Candidate generation can use lexical search, rules, collaborative filtering, embeddings, or business constraints. For a SWE design, focus on service contracts: CandidateService.getCandidates(user_id, context, limit) should return IDs plus lightweight metadata, with timeout behavior and deduplication guarantees.
Approximate nearest neighbor search is common for embedding retrieval. Systems like FAISS, ScaNN, HNSW, or vector databases trade recall for latency. A typical SLA might require returning 500 candidates in <50ms; exact search over millions of vectors often fails that budget without indexing.
Top-K selection matters when merging large candidate pools.
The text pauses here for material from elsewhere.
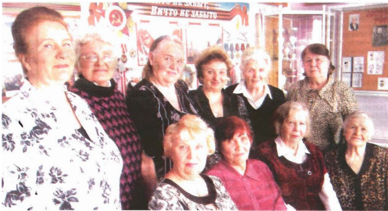
С коллективом учительского клуба «Ветеран».
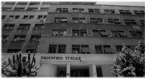
Το μέγαρο του Υπ. Υγείας επί της οδού Αριστοτέλους 17. Αθήνα.

Από τότε που οι άνθρωποι συγκρότησαν τις πρώτες οργανωμένες κοινότητες, οι αναγκαιότητες της συνύπαρξης, αλλά και η συσσώρευση της γνώσης, εκλογίκευσαν τη φυσική κατάσταση τού ανθρώπου, μέσα απ' την οριοθέτηση των βιολογικών αναγκών και των βεβαιοτήτων που έθετε ο θνητός βίος. Η ανάπτυξη κοινωνικών και πολιτισμικών προτύπων που σχετίζονταν με τη ζωή, την ασθένεια και τον θάνατο, έθεσε τις βάσεις γι' αυτό, που πολύ αργότερα, θα αναγνωριζόταν ως βιοπολιτική. Η βιοπολιτική ως έννοια είναι αυτή που χαρακτηρίζει τις εφαρμοσμένες πολιτικές, που στοχεύουν στην αντιμετώπιση των προβλημάτων, τα οποία προκύπτουν όταν οι άνθρωποι συγκροτούν ένα συμβιωτικό σύνολο.

Use a min-heap of size $K$ for streaming candidates in $O(N \log K)$ time and $O(K)$ space, or quickselect for average $O(N)$ if the full list is in memory. Always define deterministic tie-breaking, such as (score DESC, recency DESC, id ASC).
Feature hydration is often the hidden bottleneck. The online path should avoid fanout to many stores per candidate; batch fetch with getMany(ids) and cache stable fields. If reranking 500 candidates and each causes a remote call, p99 latency will collapse from tail amplification.
Ranking score composition should be explainable at the system level even if the model is opaque. A practical score may combine model output and constraints:
$score = modelScore + \lambda_1 freshnessBoost - \lambda_2 safetyPenalty - \lambda_3 repetitionPenalty$
The SWE should describe where these terms are computed, versioned, and logged.
Feedback loops require clean event semantics. Capture impressions, clicks, hides, dwell time, thumbs up/down, edits, regenerations, and accepted suggestions with request IDs. The important SWE point is attribution: feedback is only useful if it links user_id, request_id, candidate_id, rank_position, model_version, and timestamp.
Position bias affects interpretation of feedback. Items ranked first naturally get more clicks, so click-through is not pure relevance. You do not need to derive causal estimators, but you should mention that logs must include rank position and exposure so downstream evaluation can correct for bias.
Online serving architecture usually separates API Gateway, RankingService, CandidateService, FeatureService, ModelScoringService, and LoggingService. The ranking service orchestrates deadlines, retries, partial results, dedupe, policy filters, and final ordering.
Latency budgeting should be explicit. For a 200ms p95 endpoint, you might budget 20ms auth/context, 50ms candidate generation, 40ms feature fetch, 60ms scoring, 20ms post-processing, and 10ms buffer. Parallelize independent calls, use deadlines, and return fallbacks instead of timing out.
Fallback behavior is part of correctness. If model scoring fails, serve cached popular items, recent items, lexical matches, or rule-ranked candidates. If safety filtering fails closed, return fewer candidates rather than unsafe content. Define degraded responses intentionally instead of letting exceptions shape UX.
Observability should cover both system and ranking health. Track p50, p95, p99, timeout rate, empty-result rate, candidate-source contribution, score distribution, cache hit rate, feedback logging success, and model/version mix. Add request tracing so one bad dependency is visible in a single slow ranking call.

Worked example

For Design a response-ranking ML system, a strong candidate starts by clarifying scope: “Are we ranking multiple candidate assistant responses for a single user prompt, or ranking response templates/content items across sessions? What is the latency target, how many candidates arrive per request, and are safety filters mandatory before or after ranking?” Then they declare assumptions: maybe 5–50 generated responses per prompt, a 300ms additional ranking budget, and hard exclusion for policy-violating responses.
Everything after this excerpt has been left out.